If you are a small business owner, say of a Mom and Pop shop, it’s quite common to take a casual approach to keeping accurate financial records. After all, your revenue may seem small and too insignificant to have your accounts constantly updated and monitored, enforce checks and balance procedures and keep your documents systematically. But keeping these financial records properly and up-to-date may be more important than you think.
In tough economic times such as these, it is not uncommon to see small business owners file bankruptcy petitions in efforts to clear their debts and start afresh financially. Many business owners might have received advance payments for jobs they have contracted with their clients.
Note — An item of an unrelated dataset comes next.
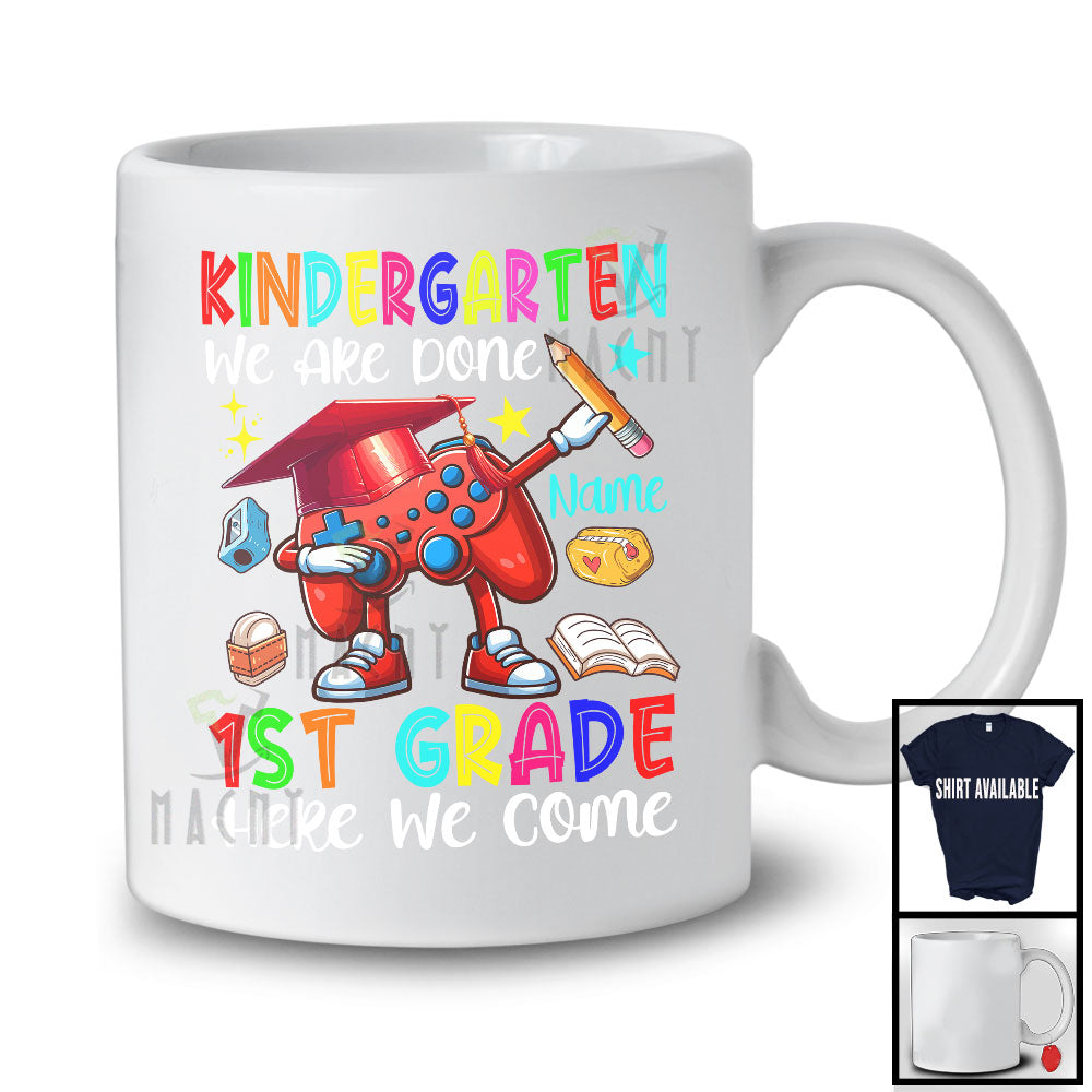 Personalized Custom Name Kindergarten We Are Done 1st Grade, Cute Last First Day Of School Gamer T-Shirt. This cotton t-shirt is a durable staple product with a classic fit. One of the most popular items, it has a relaxed style made for everyday and casual wear.

But due to the credit squeeze and increased cost of doing business, they might have spent the advance payments without finishing the job they promised to do. If such a pattern continues, it will inevitably lead to increasing debt and disgruntled clients. I know of a small business owner who did not keep good financial records including records of a 6-figure advance payment from a client whose job he failed to complete. When it became clear his client was about to sue him, this business owner filed a bankruptcy petition.
But unfortunately, his petition was dismissed by the judge because of lack of up-to-date financial records.
So do not take chances. Even though you may be a small business owner, you should still keep accurate records of your income and expenditure and all other business transactions. Do not let bad financial record keeping become a hindrance to a successful bankruptcy petition.